Markov Decision Process and Reinforcement Learning (Part 1)

Markov decision process (MDP) is a framework for modeling decision making and is very popularly used in the areas of machine learning, robotics, economics and others. An MDP models a decision maker (henceforth agent) in a world, where the agent gets a reward for performing action and the long term goal is to maximize the total reward. The concept of MDP is very intimately tied with the idea of Reinforcement Learning (RL), which is a machine learning framework for learning policies for decision making.

The general idea of MDP has been around since 1950s whereas RL has been around since 1969 (Andreae’s 1969). Long considered (often unjustifiably) suitable for only toy problems, RL has seen a recent renewal due to reasons, I will explain later. There is a good amount of literature on MDP and RL, with the Reinforcement learning book by Sutton and Barto, being a particularly good introduction to the subject. However, I found that these resources remove some essential mathematical treatment or they are written for mathematicians and beyond the reach of general audience.

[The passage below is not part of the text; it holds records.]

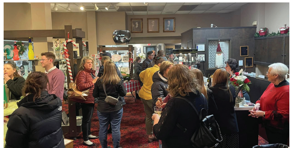
November Business After Hours at Hellberg's Jewelers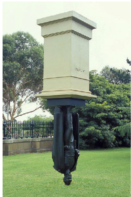
Figure 5 Landmark by Charles Robb

As part of the Landmark exhibition, Dr Dianne Reilly will speak about La Trobe at the function on 25 October. The Cost of $10.00 for each session includes Museum entry.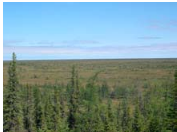
A view from spruce forest on esker ridge of extensive fen complex south of Churchill Northern Studies Centre.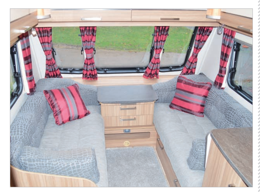
The front lounge is short - but very sweet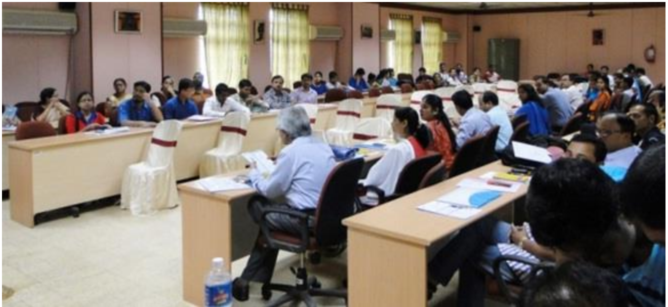
Audience at the Vice- Chancellor's address during the inauguration of the Two-Day Awareness Programme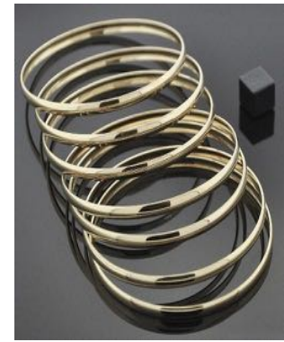
GOLD LAYERED 5.232.004.05 SEMANARIO BANGLE, GOLD TONE (SIZE 5 - 2.50 INCHES DIAMETER)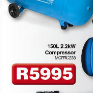
150L 2.2kW Compressor MCFFC233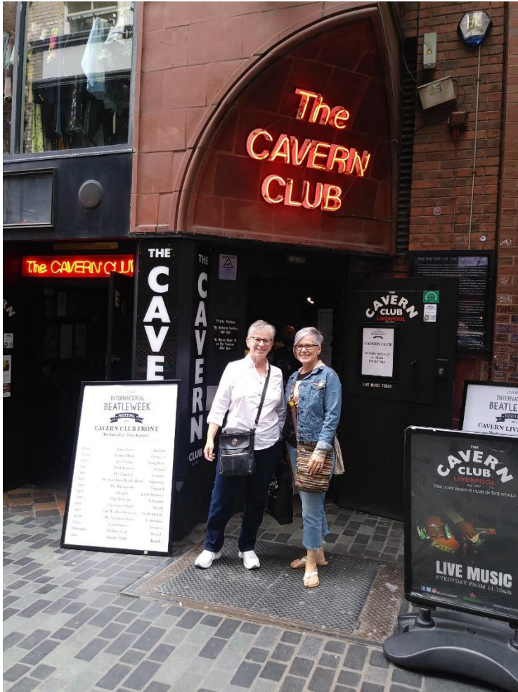
Our girls beaming at the Cavern Club with the Beatles Week band lineup

Liverpool is a fun and interesting city – a great place to overcome jet lag before setting out for the Isle Of Man. Besides Beatles mania, there are many more serious sites, such as the Liverpool Cathedral, the second largest such in the world, after St. Peter's in the Vatican. Also, the waterfront played a critical part in shipbuilding during WW2.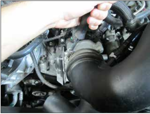
e. Loosen the clamp at the throttle body.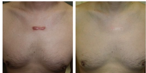
Figure 2. Pre-sternal keloid scar in a 45-year-old man treated with deprodone propionate tape. Photograph before and 36 months after initiation of treatment.

known that patients at the extremes of age have thinner skin, which facilitates steroid absorption);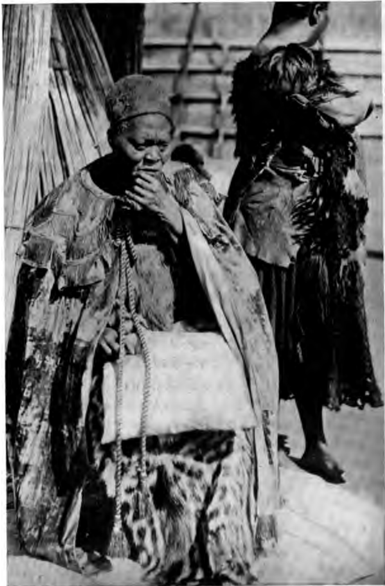
QUEEN LABOTSIBENI, MOTHER OF KING BUNO During Sebuza's infancy and boyhood, the throne receded to Queen Labotsibeni, his grandmother. She was blind and more than one hundred years old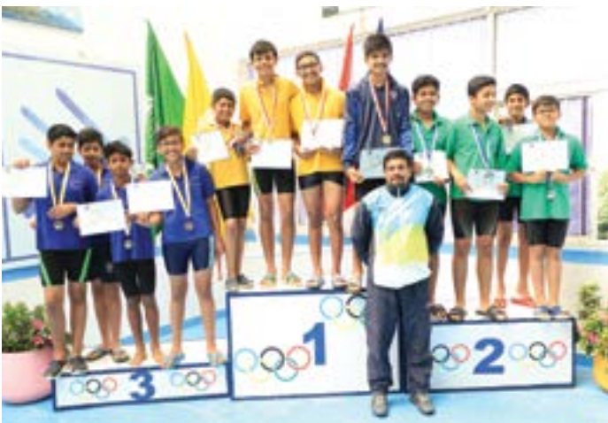
Boys: Winners on the podium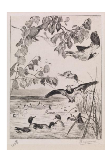
Félix Bracquemond (French, 1833–1914), Lapwings and Teals (Vanneaux et Sarcelles), 1862, etching, plate: 13¾"H × 9½"W; image: 10 5/16"H × 7 11/16"W. Gift of Frank Raysor

French printmaker and designer Félix Bracquemond (1833–1914) produced more than 800 etchings during a prolific career that spanned the late 19<sup>th</sup> century. Though celebrated from the outset of his career as a skilled reproductive etcher, Bracquemond enthusiastically championed the etching revival in France, prominently leading the charge toward redefining etching as a highly original art form. Despite his lived status as a luminary within Paris Salon and avant-garde artistic circles, including the Impressionists, Bracquemond is little known today. Félix Bracquemond: Impressionist Innovator re-introduces Bracquemond as an independently-minded, ever-industrious artist through a selection of more than 80 works on paper and tableware objects, among them his most imaginative portraits, landscapes, and groundbreaking reinterpretations of the Research of Bracquemond's distinctive images of hird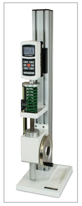
Shown with a TSF test stand in a spring testing application

with high capacity Mark-10 test stands, grips, and software.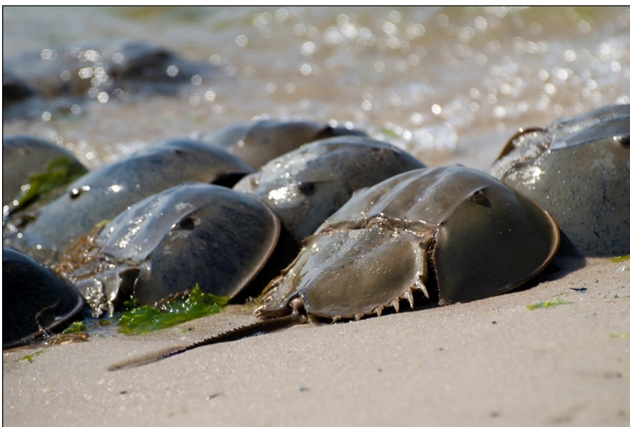
Spawning Horseshoe Crabs

Mispillion Harbor, DE, continues to be an important shorebird foraging area with very high egg densities. The harbor is protected in all weather conditions and may enjoy earlier, warmer water temperatures; both aspects favor horseshoe crab spawning.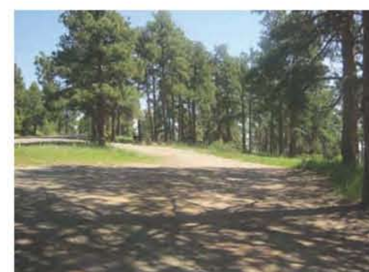
22. DAY USE AND PARKING AREA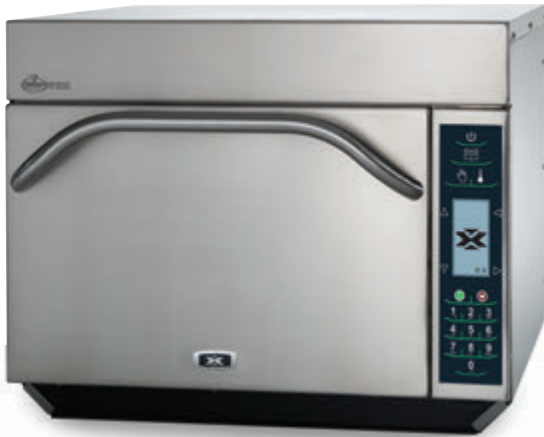
Model MXP22 shown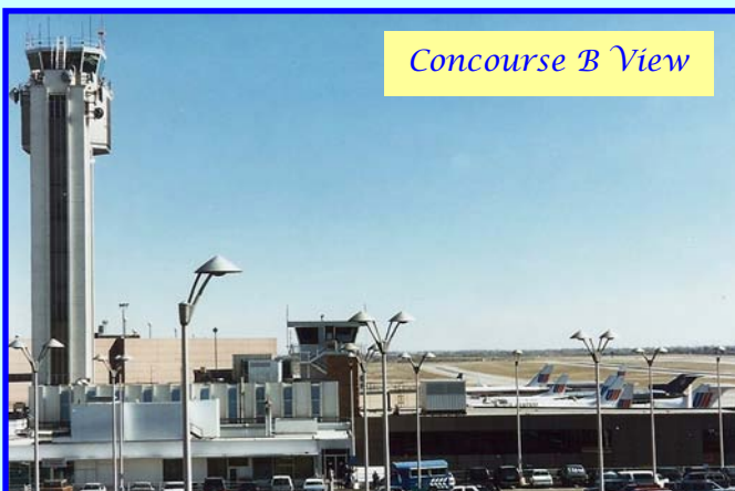
Concourse B View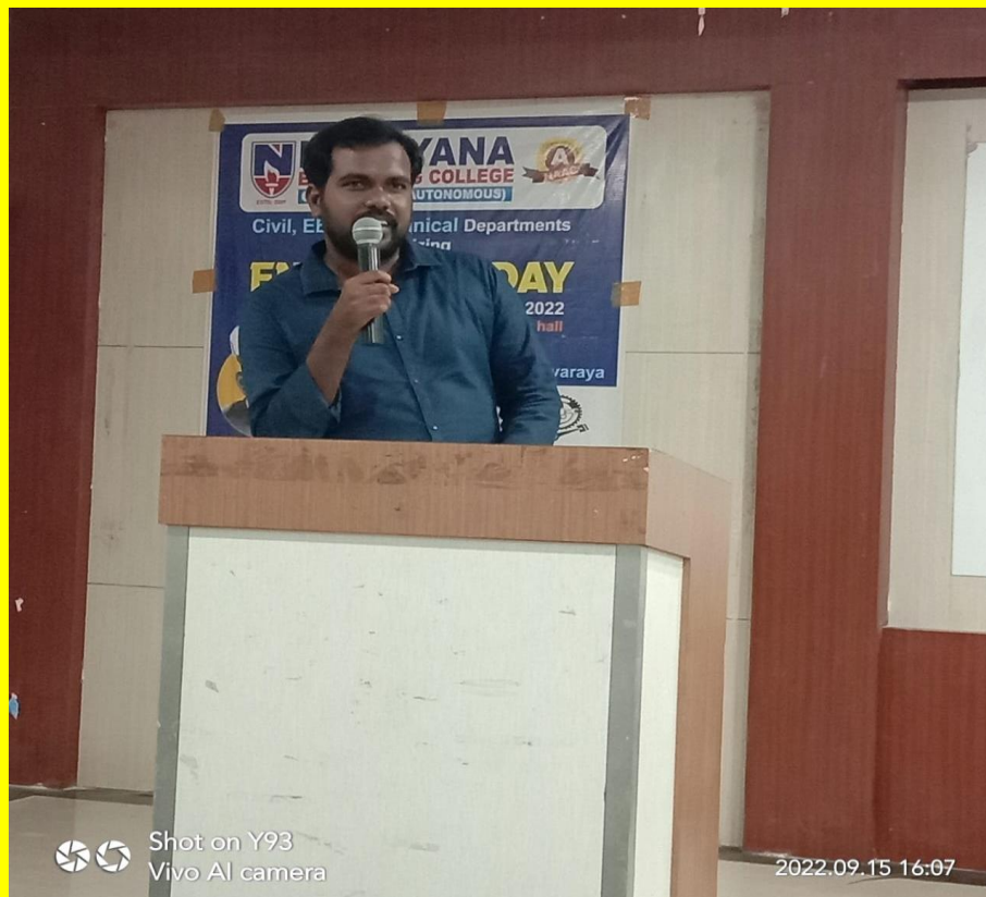
Chief guest Speech

In this post, I will cover a simple mathematical treatment of MDP with proofs of fundamental concepts. It will be best to use this post as complementary to Sutton and Barto. At places, I did not find proof of many theorems, and in such cases I have supplied my own proofs (marked with *). Please be careful in reading these proofs and let me know if you find any error.

1. Introduction

Definition: An MDP M is defined by the tuple (S, A, P, R, \gamma) where S is a set of states, A is a set of actions that an agent can take, P^a_{s,s'} is defined for all s,s' \in S and a \in A and denotes the probability of transitioning to state s' from state s on taking action a, we will denote such a transition as s \rightarrow_a s'R^a_{s,s'} is a real number denoting the reward received by the agent in the transitions \rightarrow_a s'\gamma is a real number that denotes how much to discount future rewards (its purpose will become clear shortly).

Thus, MDP defines a problem setup, where there is an agent that can take action and in the process receive a reward as well change the state. The setup is Markovian since the next state and reward depends only upon the current state and the action taken.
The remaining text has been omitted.